Predicting Document Coverage for Relation Extraction
Sneha Singhania, Simon Razniewski, Gerhard Weikum

TL;DR
This paper introduces the task of predicting document coverage for relation extraction, presenting a dataset and models to estimate how well a document covers relational information for entities, aiding knowledge base construction.
Contribution
It defines a new coverage prediction task, provides a large dataset, and develops models combining features with BERT to estimate document relevance for relation extraction.
Findings
Features alone have moderate predictive power.
The HERB model combining features and BERT achieves up to 46% F1 score.

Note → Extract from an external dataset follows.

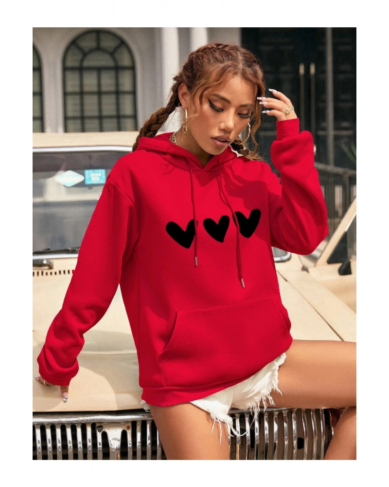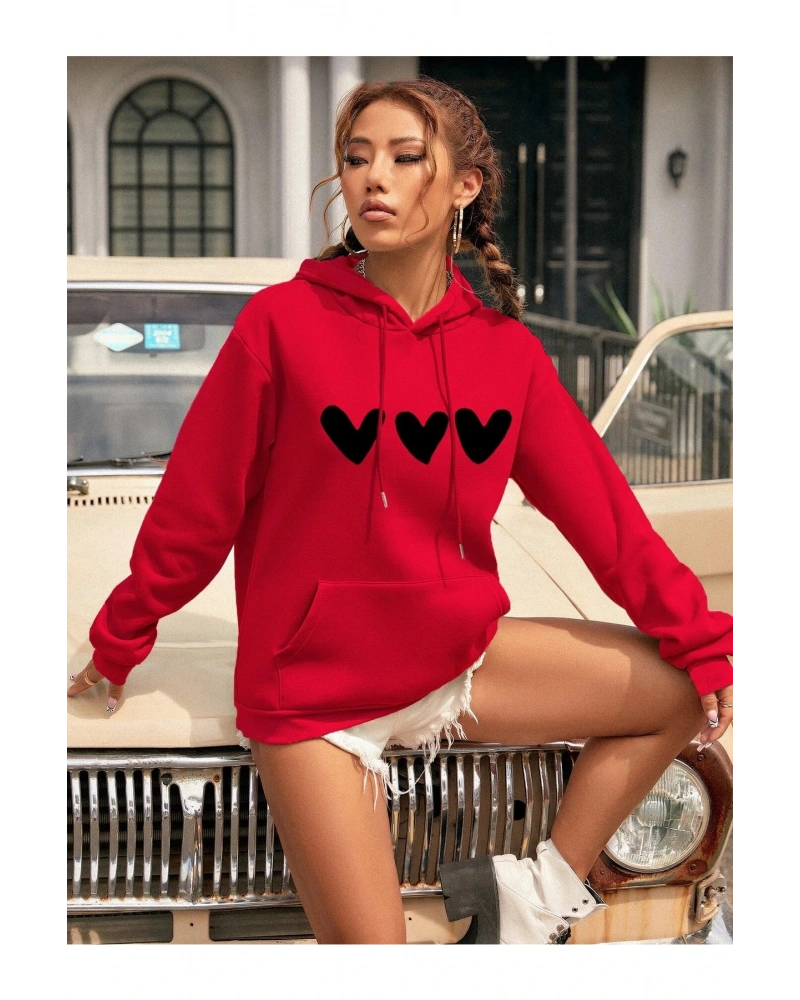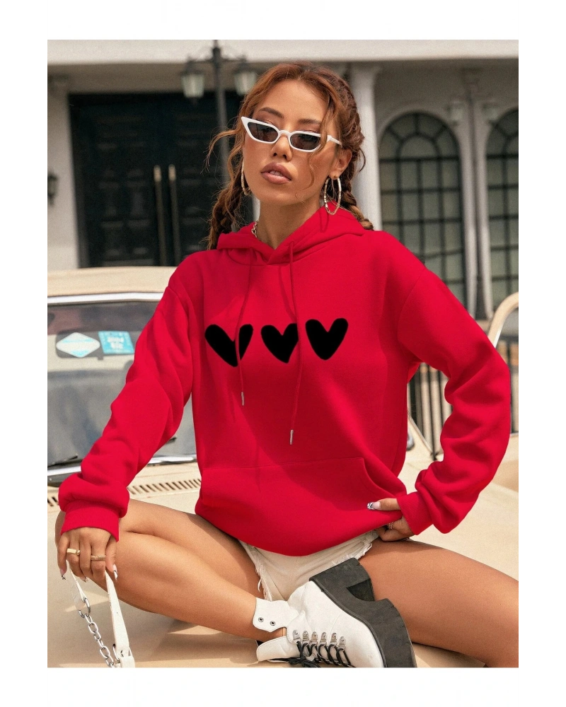 Yasolin----Kadın Kalp Baskılı Kapüşonlu Sweatshirt Kırmızı

Coverage prediction improves document selection for KB construction and claim refutation.
Abstract
This paper presents a new task of predicting the coverage of a text document for relation extraction (RE): does the document contain many relational tuples for a given entity? Coverage predictions are useful in selecting the best documents for knowledge base construction with large input corpora. To study this problem, we present a dataset of 31,366 diverse documents for 520 entities. We analyze the correlation of document coverage with features like length, entity mention frequency, Alexa rank, language complexity and information retrieval scores. Each of these features has only moderate predictive power. We employ methods combining features with statistical models like TF-IDF and language models like BERT. The model combining features and BERT, HERB, achieves an F1 score of up to 46%. We demonstrate the utility of coverage predictions on two use cases: KB construction and claim…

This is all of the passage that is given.